Re: No Ceph Recovery : Is it a bug ?

Gaurav Bafna <bafnag@xxxxxxxxx> · Thu, 19 May 2016 14:44:03 +0530

Hi Sage & hzwulibin

Many thanks for your reply :)

Ceph osd tree : http://pastebin.com/3cC8brcF

Crushmap : http://pastebin.com/K2BNSHys

Since I removed the 12 osds from the crush map, there are no more stuck PGs .

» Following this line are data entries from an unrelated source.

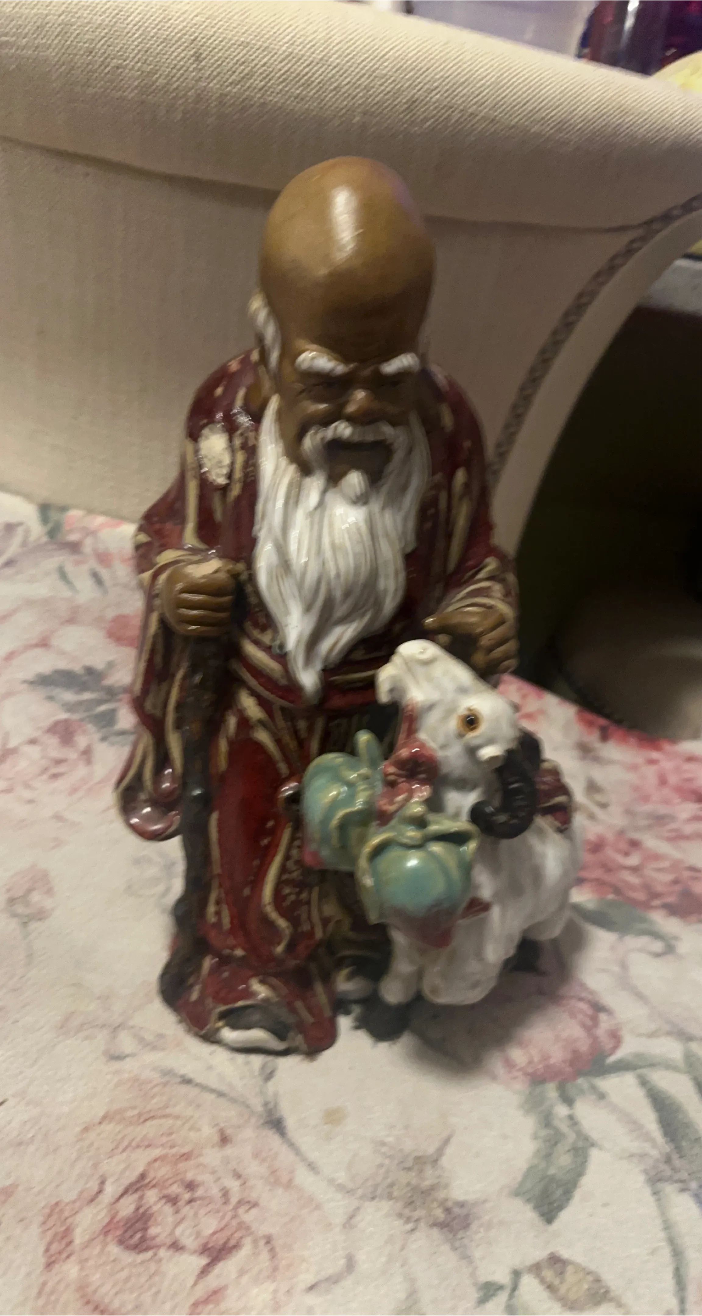 Here's a vintage ceramic figurine featuring a man with a long white beard and a white animal carrying green objects. It is in good condition and would be a great addition to any collection!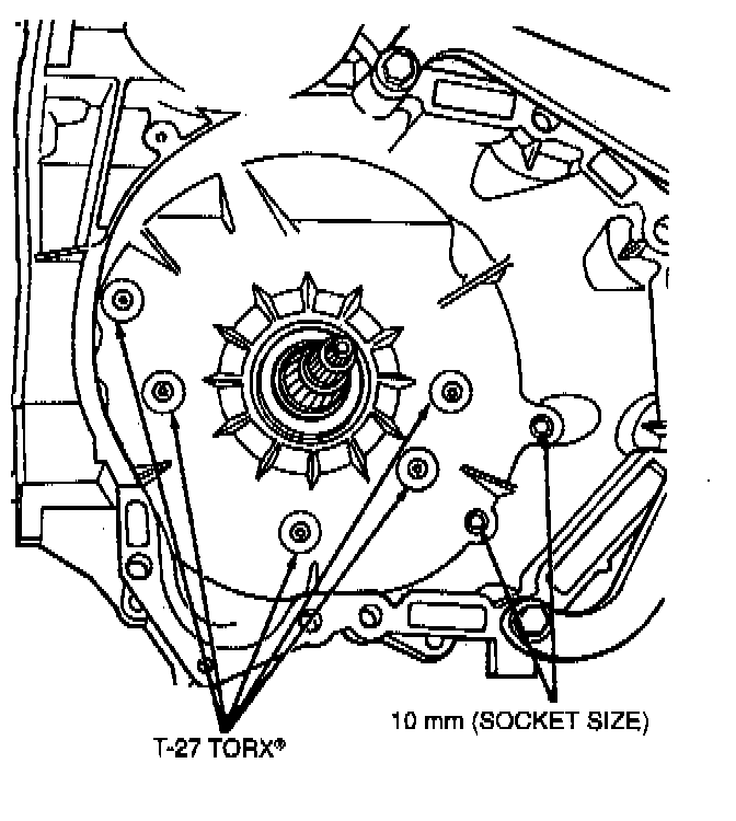 17. Remove five T27 Tort and two chain cover bolts from inside transaxle bell housing.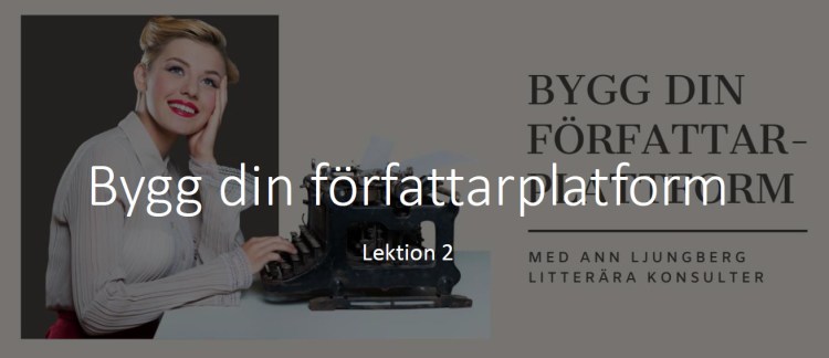 Efter vad jag förstått måste författaren vara aktiv för att sälja sina böcker. Det räcker inte att förlaget gör reklam för boken. De ger ut många böcker och din egen bok riskerar att drunkna i mängden. Jag är en urusel försäljare så jag bestämde mig för att gå en kurs: ”Bygg din författarplattform” av Litterära konsulter. Fyra söndagar online där kursledaren Ann berättade vad man bör göra.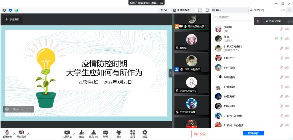 疫情当前,青年先行;共克时艰,人人有责。此次线上主题班会,使学生们进一步认识到了疫情防控形势的严峻性。拉近了特殊时期师生之间的距离,有效引导广大青年凝心聚力、共克时艰。(信机系)

Version : Hammer 0.94.5.    Do you think it can just be a reporting
issue ? The osds that went down had around 300 PGs mapped to them out
of which it was primary for 0 . We have two IDCs. All the primary are
in one IDC only for now.

Sage, I did not get yor first point. What is not matching ?  In our
cluster there were 2758 running osds before the 12 osd crash . After
that event , there were 2746 osds left.

PG Stat for your reference :   v3733136: 75680 pgs: 75680
active+clean; 409 GB data, 16745 GB used, 14299 TB / 14315 TB avail;
443 B/s wr, 0 op/s

Also, I have seen this issue 3 times with our cluster. Even when 1 osd
goes down in IDC1 or IDC2, some PG always remain undersized. I am sure
this issue will come up once again . So can you tell me what things
should I look when an OSD goes down next time ?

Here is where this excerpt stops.